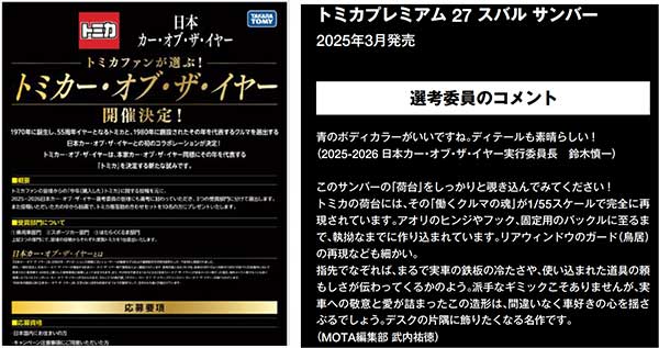 写真解説)トミカー・オブ・ザ・イヤーの告知と結果発表!コメントにもトミカプレミアムのつくり込みの凄さが開設されている。本当に素晴らしい出来栄えである。
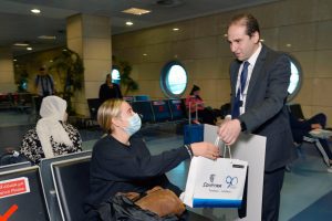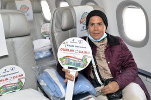 ومع هبوط طائرة مصرللطيران للمرة الأولى بمطار دبلن حرصت مصر للطيران على الترحيب بركاب رحلتها الأولى من القاهرة ومن دبلن من خلال توزيع الهدايا التذكارية عليهم.
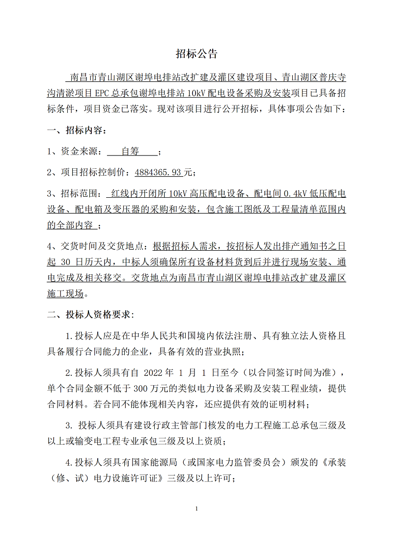 南昌市青山湖區(qū)謝埠電排站改擴(kuò)建及灌區(qū)建設(shè)項目、青山湖區(qū)普慶寺溝清淤項目EPC總承包謝埠電排站10kV配電設(shè)備采購及安裝項目招標(biāo)公告
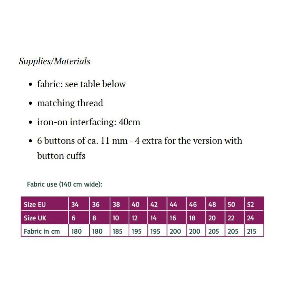 Recommended Fabrics: Light to medium-weight wovens with soft drape, such as rayon challis/crepe, cotton lawn, light weight linen.
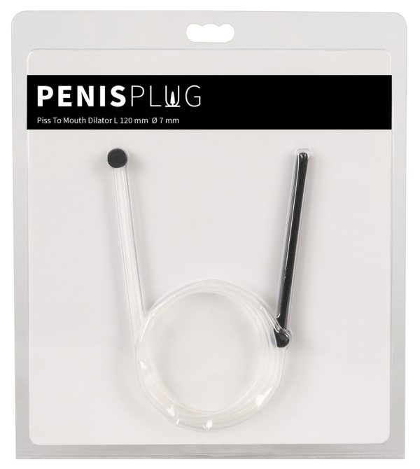 Holle Piss To Mouth Dilator van Penisplug met stevig bevestigde buis en mondstuk. Alles is naadloos vervaardigd en aangenaam flexibel en elastisch voor zorgeloos spelen en dragen. Met 75 cm is de transparante buis (ook) lang genoeg om zelf te proeven.
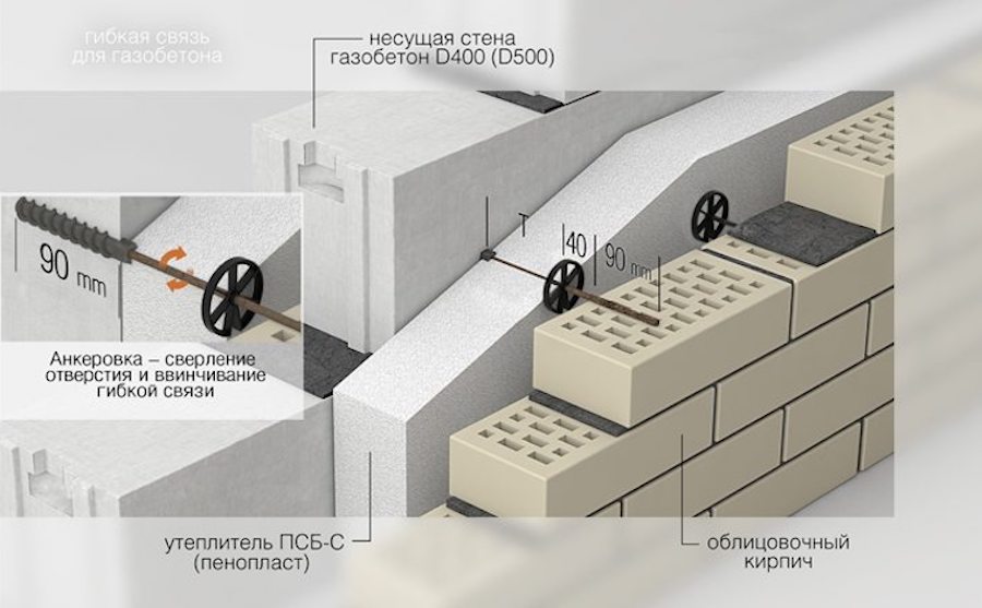В устройстве слоистой кладки технология, как это часто бывает, имеет принципиальное значение. При фиксации теплоизоляции исключены мокрые процессы, крепление производится механическим способом при помощи специальных гибких связей.
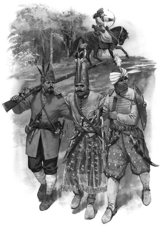 ◎ 从左到右分别是16-17世纪的黎凡特、阿扎布和塞克班士兵。 | ◎ 阿拉伯辅军士兵(右一) |
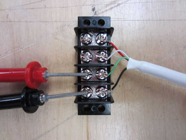 - Prueba de las líneas de alimentación (rojas y negras) que hicieron en los dos pasos anteriores para comprobar que 5 voltios están presentes cuando el convertidor de corriente y tensión no está presente cuando el inversor está apagado.
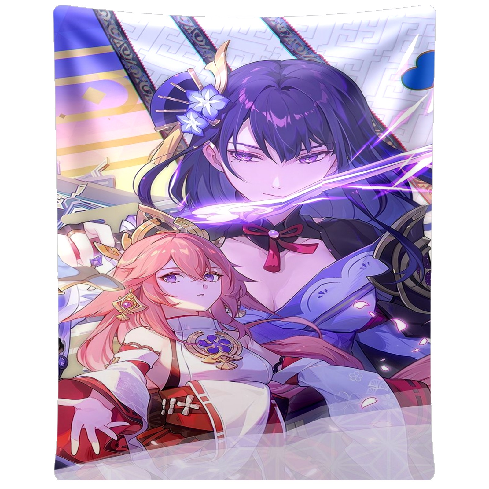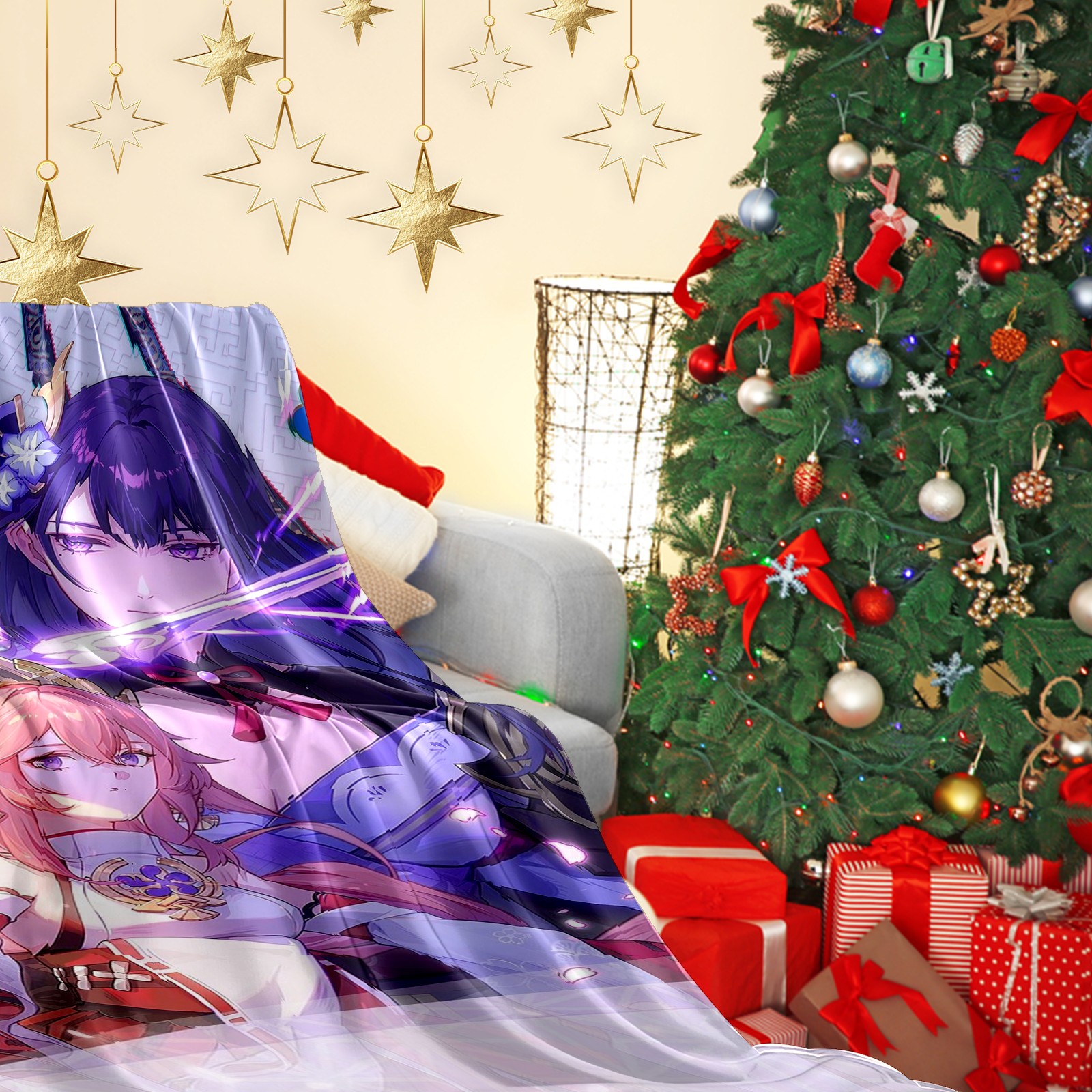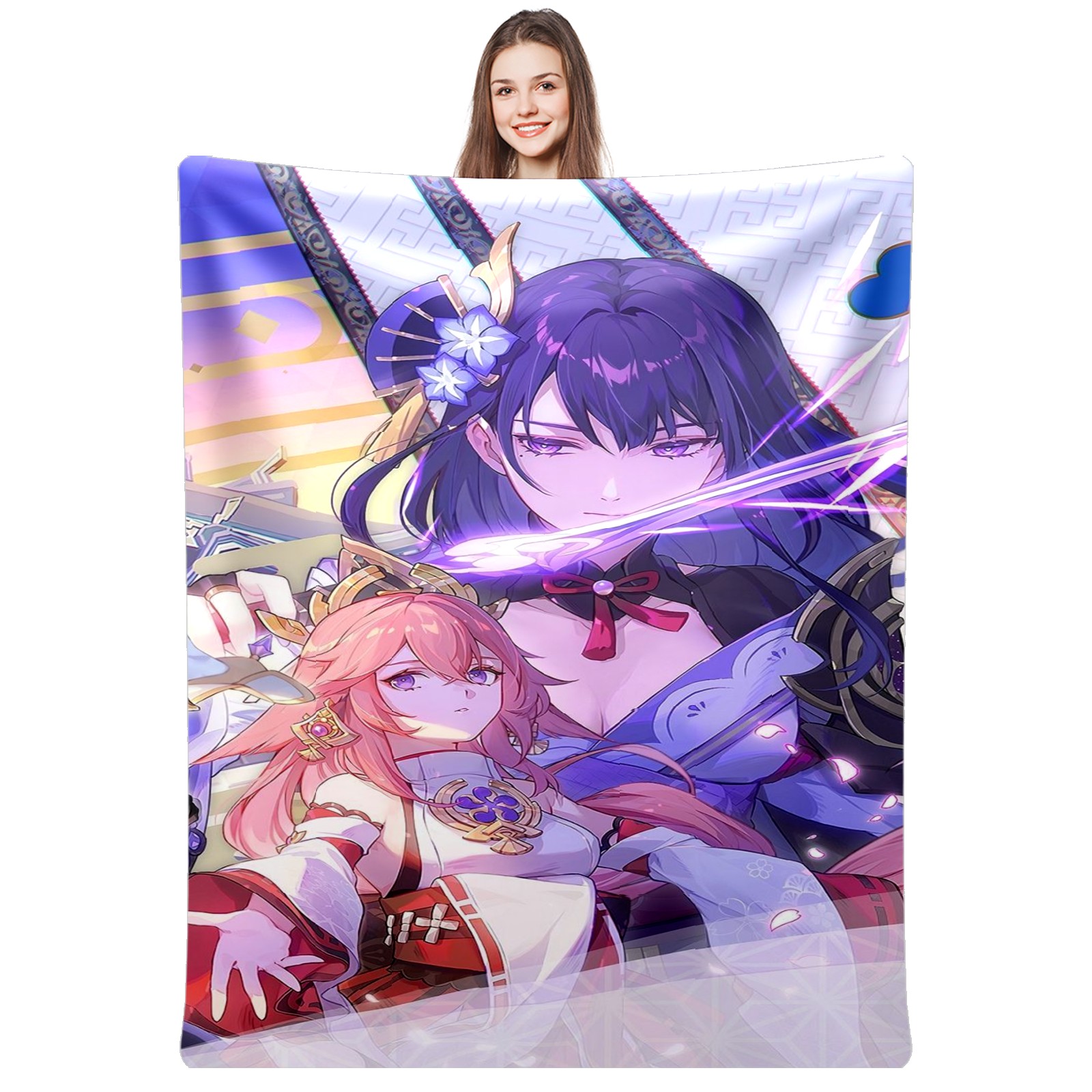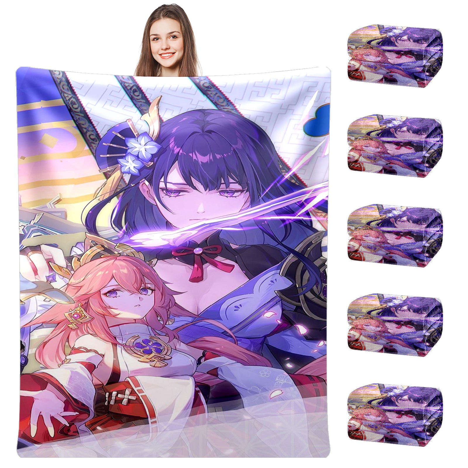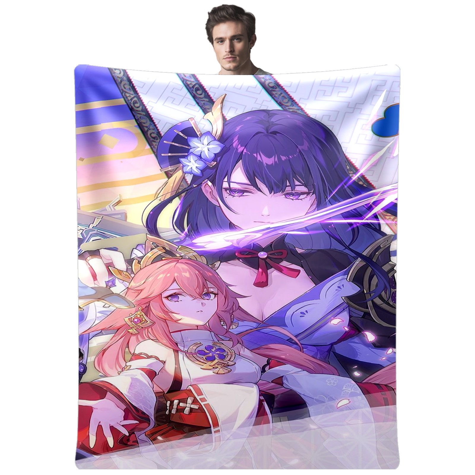Flannel Blanket, Ultra-Soft Comfortable Home Decor Rug, The Perfect Comfort Gift for Both Men Women, Suitable for Beds, Sofas, Loungewear, and Travel 30x39in(原神 雷電将軍 034)
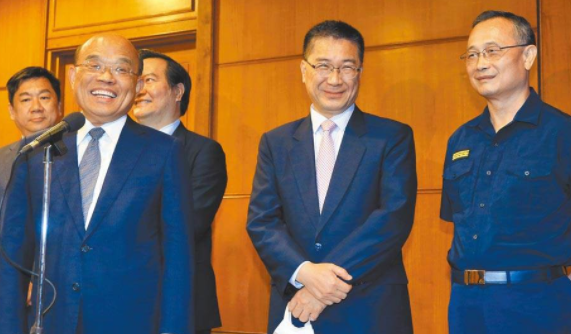 臺行政機(jī)構(gòu)負(fù)責(zé)人蘇貞昌(左前)今天分批接見8名新任警察局長,內(nèi)政部門主管徐國勇(中)也會列席參加。(臺灣《中國時報》資料照片)
_ _ _ _ _
[WHAT YOU HAVE TO DO] An exact copy of the lines above from the one with "Recommended Fabrics: Light" up to and including the one with "Flannel Blanket, Ultra-Soft" is required; reproduce only those lines, omitting all pictures.

[ANSWER BOX]
 Recommended Fabrics: Light to medium-weight wovens with soft drape, such as rayon challis/crepe, cotton lawn, light weight linen.
 Holle Piss To Mouth Dilator van Penisplug met stevig bevestigde buis en mondstuk. Alles is naadloos vervaardigd en aangenaam flexibel en elastisch voor zorgeloos spelen en dragen. Met 75 cm is de transparante buis (ook) lang genoeg om zelf te proeven.
В устройстве слоистой кладки технология, как это часто бывает, имеет принципиальное значение. При фиксации теплоизоляции исключены мокрые процессы, крепление производится механическим способом при помощи специальных гибких связей.
 ◎ 从左到右分别是16-17世纪的黎凡特、阿扎布和塞克班士兵。 | ◎ 阿拉伯辅军士兵(右一) |
 - Prueba de las líneas de alimentación (rojas y negras) que hicieron en los dos pasos anteriores para comprobar que 5 voltios están presentes cuando el convertidor de corriente y tensión no está presente cuando el inversor está apagado.
Flannel Blanket, Ultra-Soft Comfortable Home Decor Rug, The Perfect Comfort Gift for Both Men Women, Suitable for Beds, Sofas, Loungewear, and Travel 30x39in(原神 雷電将軍 034)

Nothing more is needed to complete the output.